The Swinging Friar has been a mascot with the team as early as 1958, when the Padres were still a member of the Pacofoc Coast League, a minor league baseball organization. He was named after the Spanish Franciscan friars, who founded the Mission San Diego de Alcala, around which the city of San Diego began to emerge in the 18th century. The Padres joined Major League Baseball in 1969 and kept the popular mascot. He was even on the team emblem until 1984. Wanting a more "professional" image, the owners introduced a more corporate logo. In 1996, he was brought back as a sleeve patch for the club's blue alternate jerseys, and though the team has changed its logo and colors since then, the Friar remains there to this day.
The Swinging Friar is a cartoon-like character, pudgy, balding, and always smiling.

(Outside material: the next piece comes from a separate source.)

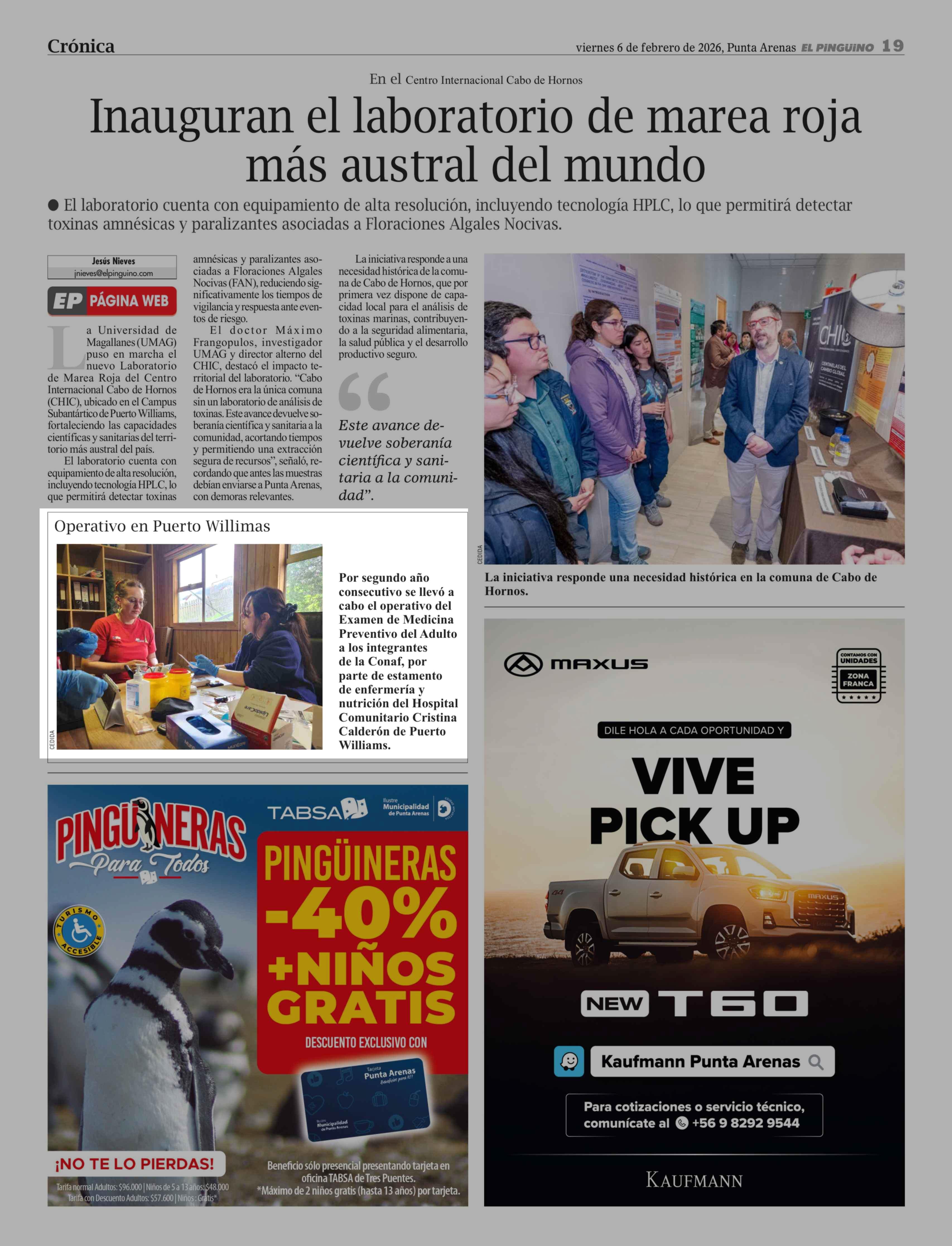 | Fecha: | 06-02-2026 | Sector: | Noticia general | Región: | Región de Magallanes y de la Antártica Chilena |

He is dressed as a friar with a tonsure, sandals, a dark hooded cloak, and a rope around the waist. He swings a baseball bat; but reportedly, in some years he swings left-handed, in other years he swings right-handed, he may be ambidextrous, or even a switch hitter. On home game Sundays, the Friar wears a special camouflage cloak as the team honors the military background of San Diego with similar uniforms.
Originally, The Swinging Friar was represented at the ballpark as a real man wearing a friar outfit. Since his return, the character has been a full mascot costume.
Some in the past have confused The San Diego Chicken as the mascot of the Padres. Although he does make appearances occasionally at San Diego sporting events, he has never been the official mascot of any San Diego sports team.